- [The task]:
Make a verbatim copy of the entries below; pictures stay out.

-- Input material follows --

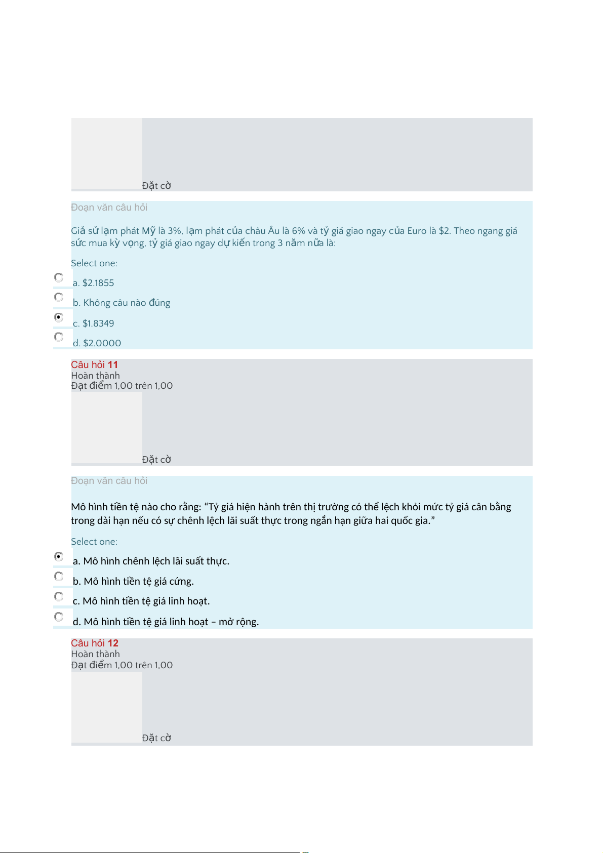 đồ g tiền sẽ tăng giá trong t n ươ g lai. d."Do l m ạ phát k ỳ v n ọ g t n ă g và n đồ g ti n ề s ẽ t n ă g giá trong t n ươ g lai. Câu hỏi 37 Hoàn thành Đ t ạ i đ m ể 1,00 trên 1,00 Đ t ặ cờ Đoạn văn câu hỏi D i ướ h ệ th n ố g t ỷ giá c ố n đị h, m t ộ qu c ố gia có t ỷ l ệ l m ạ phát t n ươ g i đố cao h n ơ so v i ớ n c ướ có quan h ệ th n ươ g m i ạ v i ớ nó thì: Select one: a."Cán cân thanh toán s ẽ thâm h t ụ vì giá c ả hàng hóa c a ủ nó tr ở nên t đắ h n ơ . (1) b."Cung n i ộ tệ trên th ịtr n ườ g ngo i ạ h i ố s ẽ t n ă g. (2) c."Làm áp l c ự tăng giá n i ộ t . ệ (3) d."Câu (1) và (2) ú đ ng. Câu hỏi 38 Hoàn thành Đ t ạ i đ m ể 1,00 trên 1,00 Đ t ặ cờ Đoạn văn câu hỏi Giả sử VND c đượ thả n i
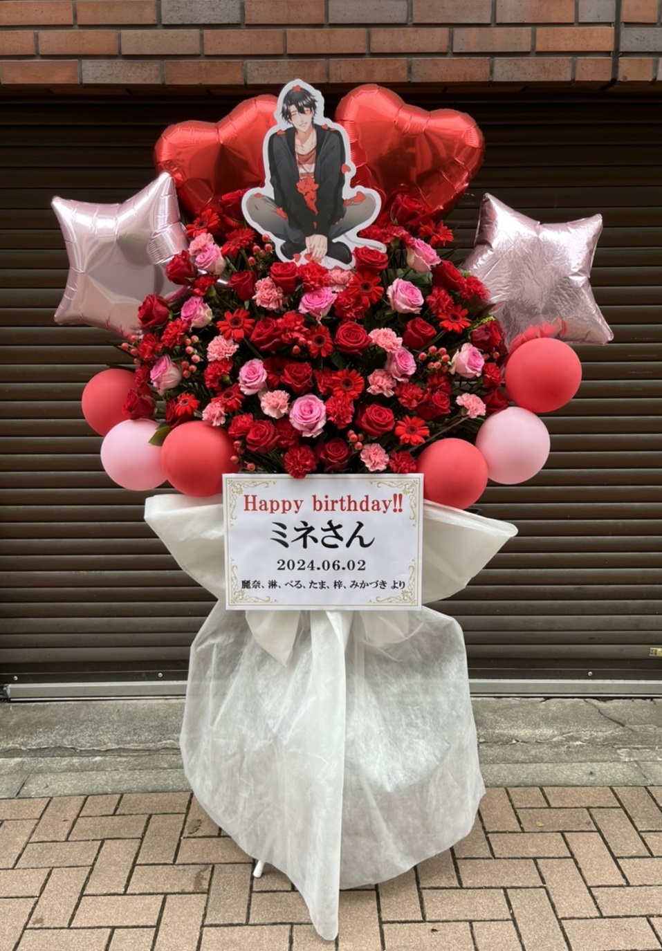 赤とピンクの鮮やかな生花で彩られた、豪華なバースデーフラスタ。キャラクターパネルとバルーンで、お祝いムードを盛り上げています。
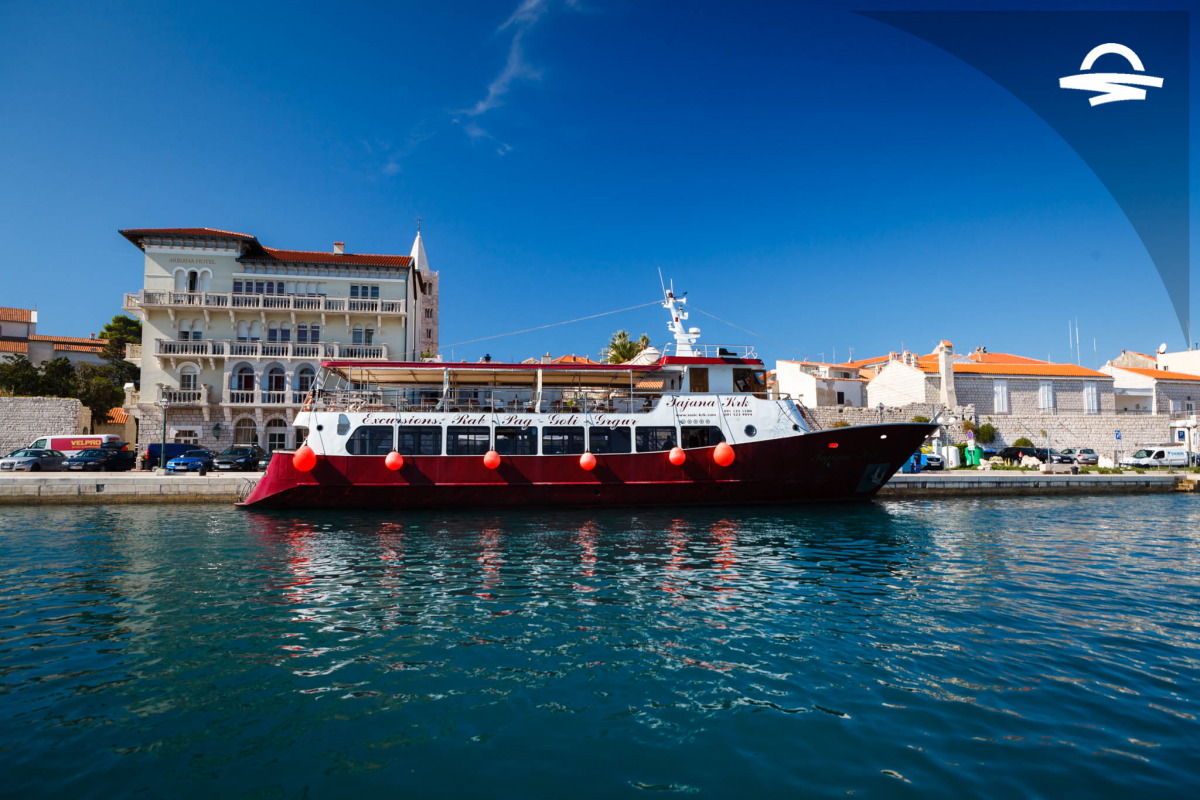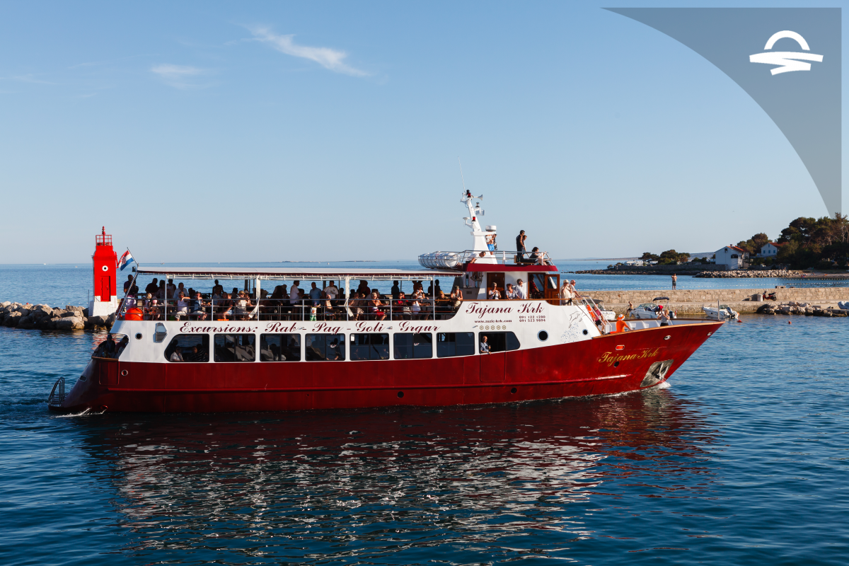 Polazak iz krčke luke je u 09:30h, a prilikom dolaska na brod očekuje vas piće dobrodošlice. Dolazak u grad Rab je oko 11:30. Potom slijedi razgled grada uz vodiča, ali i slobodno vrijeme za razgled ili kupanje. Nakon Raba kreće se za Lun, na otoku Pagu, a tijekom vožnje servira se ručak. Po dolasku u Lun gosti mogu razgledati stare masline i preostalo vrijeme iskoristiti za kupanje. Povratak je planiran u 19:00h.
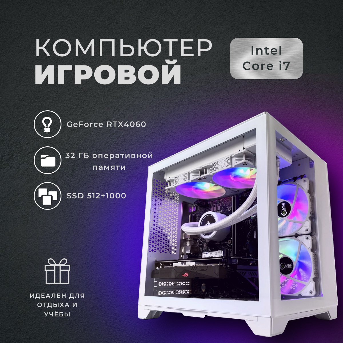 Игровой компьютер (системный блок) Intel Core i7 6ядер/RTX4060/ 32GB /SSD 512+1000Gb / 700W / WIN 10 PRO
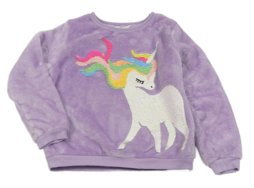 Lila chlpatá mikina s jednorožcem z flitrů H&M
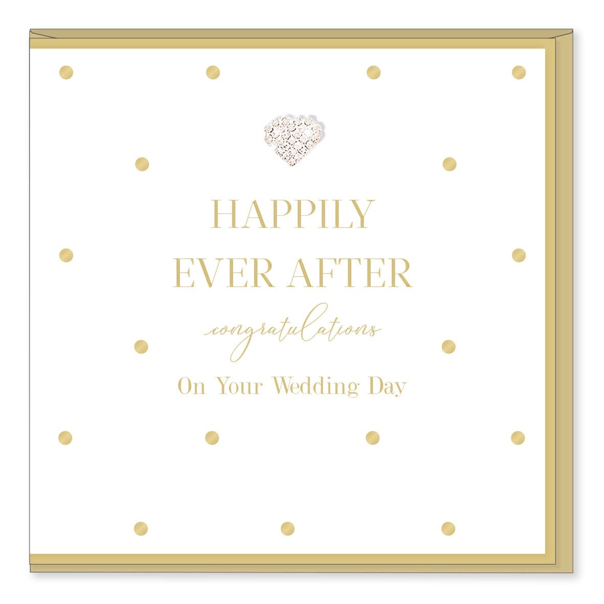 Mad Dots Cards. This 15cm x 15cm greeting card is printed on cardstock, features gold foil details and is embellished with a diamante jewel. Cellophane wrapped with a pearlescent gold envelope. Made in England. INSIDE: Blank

-- Input material concluded --

- [Expected answer]:
 đồ g tiền sẽ tăng giá trong t n ươ g lai. d."Do l m ạ phát k ỳ v n ọ g t n ă g và n đồ g ti n ề s ẽ t n ă g giá trong t n ươ g lai. Câu hỏi 37 Hoàn thành Đ t ạ i đ m ể 1,00 trên 1,00 Đ t ặ cờ Đoạn văn câu hỏi D i ướ h ệ th n ố g t ỷ giá c ố n đị h, m t ộ qu c ố gia có t ỷ l ệ l m ạ phát t n ươ g i đố cao h n ơ so v i ớ n c ướ có quan h ệ th n ươ g m i ạ v i ớ nó thì: Select one: a."Cán cân thanh toán s ẽ thâm h t ụ vì giá c ả hàng hóa c a ủ nó tr ở nên t đắ h n ơ . (1) b."Cung n i ộ tệ trên th ịtr n ườ g ngo i ạ h i ố s ẽ t n ă g. (2) c."Làm áp l c ự tăng giá n i ộ t . ệ (3) d."Câu (1) và (2) ú đ ng. Câu hỏi 38 Hoàn thành Đ t ạ i đ m ể 1,00 trên 1,00 Đ t ặ cờ Đoạn văn câu hỏi Giả sử VND c đượ thả n i
 赤とピンクの鮮やかな生花で彩られた、豪華なバースデーフラスタ。キャラクターパネルとバルーンで、お祝いムードを盛り上げています。
 Polazak iz krčke luke je u 09:30h, a prilikom dolaska na brod očekuje vas piće dobrodošlice. Dolazak u grad Rab je oko 11:30. Potom slijedi razgled grada uz vodiča, ali i slobodno vrijeme za razgled ili kupanje. Nakon Raba kreće se za Lun, na otoku Pagu, a tijekom vožnje servira se ručak. Po dolasku u Lun gosti mogu razgledati stare masline i preostalo vrijeme iskoristiti za kupanje. Povratak je planiran u 19:00h.
 Игровой компьютер (системный блок) Intel Core i7 6ядер/RTX4060/ 32GB /SSD 512+1000Gb / 700W / WIN 10 PRO
 Lila chlpatá mikina s jednorožcem z flitrů H&M
 Mad Dots Cards. This 15cm x 15cm greeting card is printed on cardstock, features gold foil details and is embellished with a diamante jewel. Cellophane wrapped with a pearlescent gold envelope. Made in England. INSIDE: Blank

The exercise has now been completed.